Report how many lines of the entries below contain the word "Brown", and nothing more.

## Data excerpts

====================

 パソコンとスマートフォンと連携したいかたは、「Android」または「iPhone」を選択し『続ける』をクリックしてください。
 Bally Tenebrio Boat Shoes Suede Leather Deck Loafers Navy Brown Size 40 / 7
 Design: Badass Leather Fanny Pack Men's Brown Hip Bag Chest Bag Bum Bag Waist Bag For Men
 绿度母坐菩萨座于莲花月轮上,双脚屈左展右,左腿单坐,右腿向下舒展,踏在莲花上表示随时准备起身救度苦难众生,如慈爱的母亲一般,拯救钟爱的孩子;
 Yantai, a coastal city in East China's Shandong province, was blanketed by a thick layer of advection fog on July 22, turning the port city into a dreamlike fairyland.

====================

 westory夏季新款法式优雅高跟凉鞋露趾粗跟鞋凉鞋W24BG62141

====================

## Answer section
2